What to do
After locating the line that holds "(eine spezielle Massage, die", repeat it and each following line exactly until the material ends, skipping pictures.

--- Extracted information ---

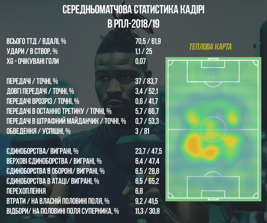 У той же час Мохаммед Кадірі виглядає досить обмеженим футболістом з точки зору роботи на атаку. Від нього ви не дочекаєтеся величезної кількості обведень – такі дії ганський гравець дозволяє собі в основному тільки тоді, коли впевнений в їх підсумковій успішності. Не випадково відсоток вдалих обведень у Кадірі дуже високий і за цим компонентом ганський легіонер входив до трійки кращих в чемпіонаті Росії-2018/19. Ліпший відсоток успішних обведень був тільки у Романа Єременка (93%), а Ільзат Ахметов мав такий же показник в 80,95%, як і у Кадірі.
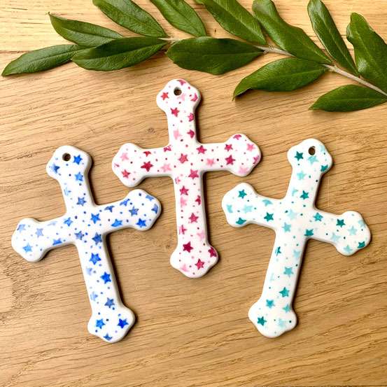 Ma jolie croix en porcelaine Etoilée – 3 Coloris
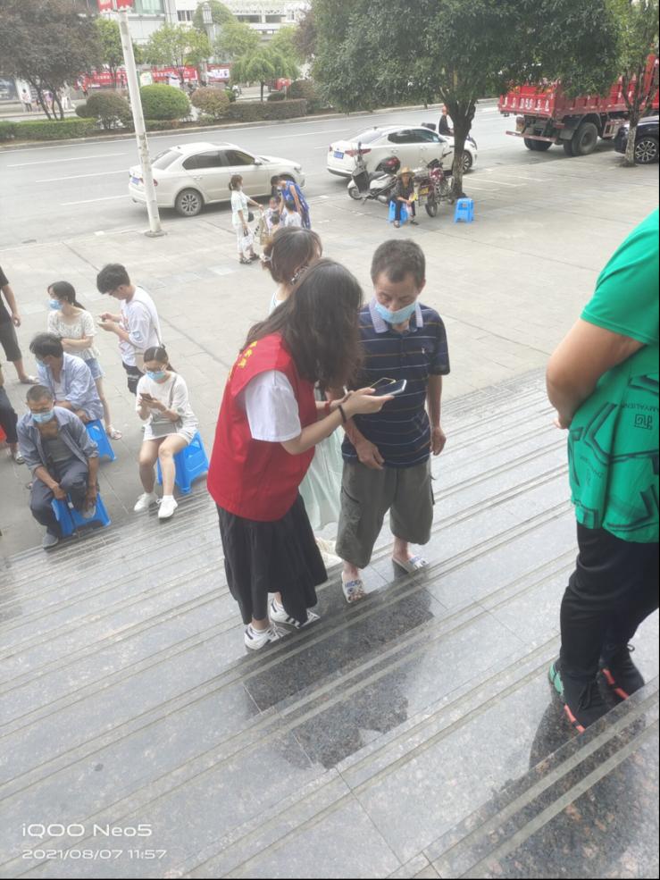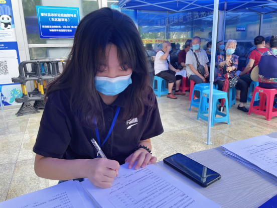來自外語學(xué)院19級(jí)的學(xué)生盛慧,暑假期間,在家鄉(xiāng)當(dāng)?shù)爻蔀榱艘幻咔榉揽刂驹刚?,主要?fù)責(zé)在醫(yī)院門診為來院人員測量體溫,核查健康碼以及行程,引導(dǎo)患者就醫(yī),為核酸檢測報(bào)告蓋章,對來院人員新冠疫苗應(yīng)接未接的人員信息進(jìn)行登記并上報(bào)等等。在做志愿者的這段時(shí)間里,她體會(huì)到了醫(yī)護(hù)人員工作的艱辛、責(zé)任和壓力,下定決心要為抗疫奉獻(xiàn)出自己的一份力量。
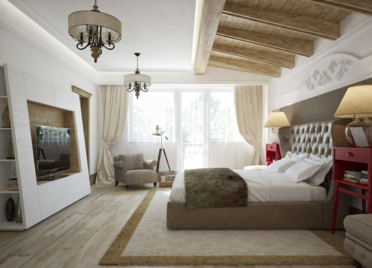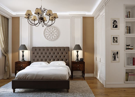 兩個(gè)木質(zhì)的對(duì)稱高腳床頭柜,不僅造型古典大方,而且增加空間的收納功能,和吊燈一起拉寬空間視覺(jué),形成獨(dú)有的三角立體感。潔白的墻壁更為空間增加亮色。
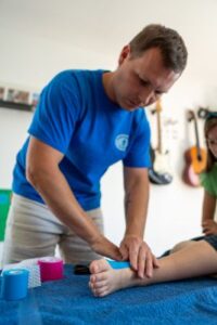 (eine spezielle Massage, die darauf abzielt, die Leistung von Sportlern zu verbessern, Verletzungen vorzubeugen und sie zu behandeln. Sie lockert Muskeln, verbessert die Durchblutung und Flexibilität)
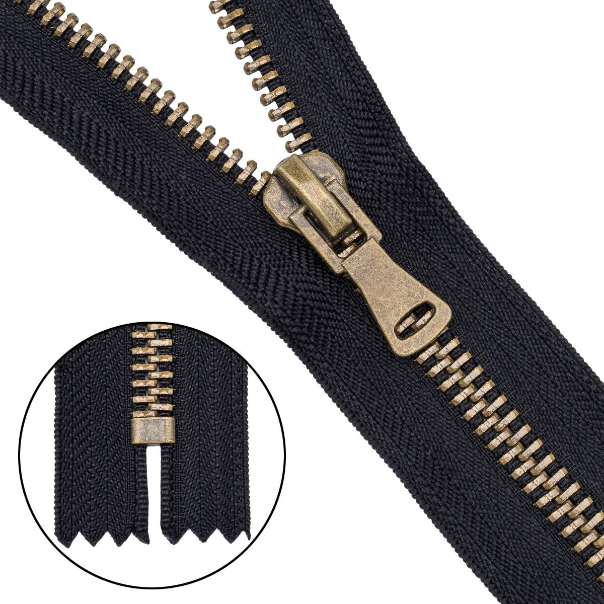 Молния металл Т8 (8 мм) 1 зам., н/раз., 18 см, антик, 580 черный, 10 шт, 16418-1

---

Exercise solution
 (eine spezielle Massage, die darauf abzielt, die Leistung von Sportlern zu verbessern, Verletzungen vorzubeugen und sie zu behandeln. Sie lockert Muskeln, verbessert die Durchblutung und Flexibilität)
 Молния металл Т8 (8 мм) 1 зам., н/раз., 18 см, антик, 580 черный, 10 шт, 16418-1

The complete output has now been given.